The sources, speaking on condition of anonymity, put the toll at eight or nine dead and between 11 and 21 wounded.
A security source in Nigeria also gave the figure of nine dead and said the device had apparently been laid by the Islamic State West Africa Province (ISWAP), a splinter group of Nigeria’s Boko Haram.
Kalam lies just five kilometres (three miles) from the Nigerian border.
One of the fatalities was a commander in the gendarmerie, the Chadian military source said, adding that exchanges of gunfire broke out later Wednesday between troops and jihadists in Bakaram, in the same region.
Boko Haram’s insurgency, launched in northeast Nigeria in 2009, has killed more than 36,000 people and displaced more than two million from their homes.
– Flarepoint region –
The violence has spread to neighbouring Niger, Chad and Cameroon, prompting the formation of a four-nation anti-jihad coalition, the Multinational Joint Task Force (MNJTF), of which the Chadian army is a key component.
In March, Chad’s armed forces suffered their biggest single-day loss, when 98 soldiers were massacred in their base at Bohoma, on the banks of Lake Chad.
In response, President Idriss Deby launched an offensive from March 31 to April 3, declaring at its end that there was “not a single jihadist left” in the Lake Chad region.
N’Djamena claimed a thousand “terrorists” had been killed in the crackdown.
The following month, a video released by ISWAP, authenticated by Chadian officials, showed the execution-style killing of a uniformed Chadian soldier who had been seized in an ambush on April 18.
A Chadian officer, speaking on Thursday, said, “despite the victory inflicted on Boko Haram after Bohoma, we know that Boko Haram can always bounce back quickly, and we already had intelligence that they were present in the area.”
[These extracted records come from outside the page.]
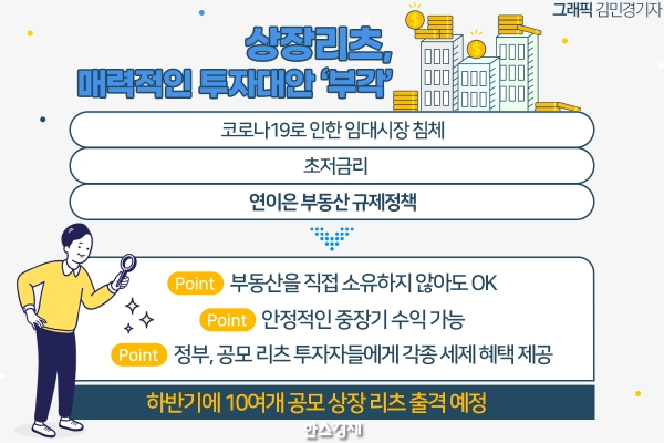 최근엔 다양한 기초자산(부동산)에 투자하는 공모상장 리츠들이 등장해 투자자들의 이목을 집중시키고 있다. 특히 코로나19로 인한 임대시장 침체와 초저금리, 연이은 부동산 규제정책 등에도 불구하고 상대적으로 안정적인 중장기 수익이 가능해 더욱 인기다.
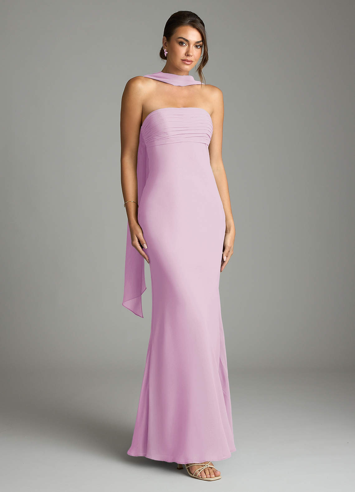 Vestido de Rosa Caramelo de Gasa de Corte Sirena con Sin tirantes
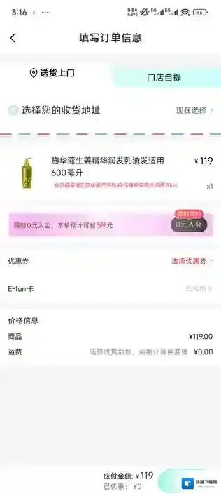 5、最后填写收货地址,选择送货上门或者门店自提,点击支付就好啦
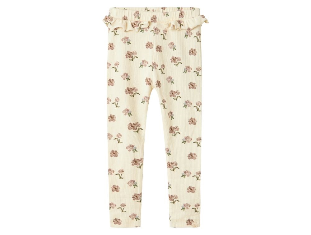 Leggings i farven turtledove med blomsterprint og flæse fra Lil' Atelier.
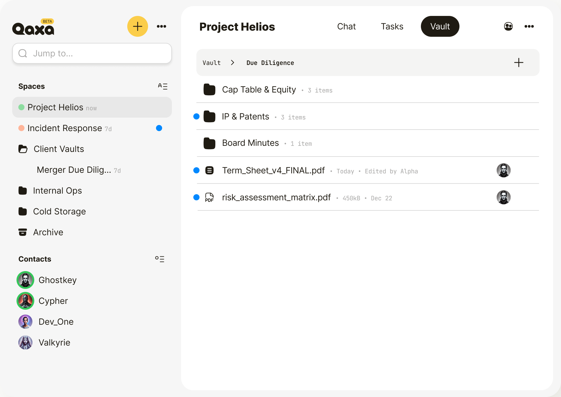 Your chats, tasks, notes, and files are end-to-end encrypted on your device. Qaxa never gets your keys — so we can’t read your content.

Jean Bosco Manga, founder of a Chadian grassroots group called the Citizens’ Movement for the Preservation of Freedoms (MCPL), said the latest strike bore out the need for stronger cross-border cooperation.
“This upturn in violence stems from the fact that you cannot claim to defeat an organised sect whose tentacles are in neighbouring countries,” he said.
Chad says it has 8,000 troops in the troubled Lake Chad region and has complained that it is shouldering the lion’s share of the security burden.
The MNJTF’s “offensives have won victories and helped instil an esprit de corps among participating troops,” the International Crisis Group (ICG) think tank said in a report on Tuesday.
“But nimble militant factions have regrouped fast, and the MNJTF’s effectiveness has suffered from confusion over priorities, the four states’ reluctance to cede command to the force itself, and funding and procurement delays.”
– Jihadist offensives –
The insurgency that began in northeast Nigeria is one of two jihadist offensives that have rocked the fragile Sahel.
The other began in northern Mali in 2012, then spread to the country’s volatile centre, and into Burkina Faso and Niger.
Thousands of lives have been lost and hundreds of thousands of people have fled their homes, and the three countries, among the poorest in the world, have suffered massive economic damage.
The UN has deployed a 13,000-man peacekeeping force in Mali, while France has 5,100 troops stationed in the Sahel in its “Barkhane” anti-jihadist mission.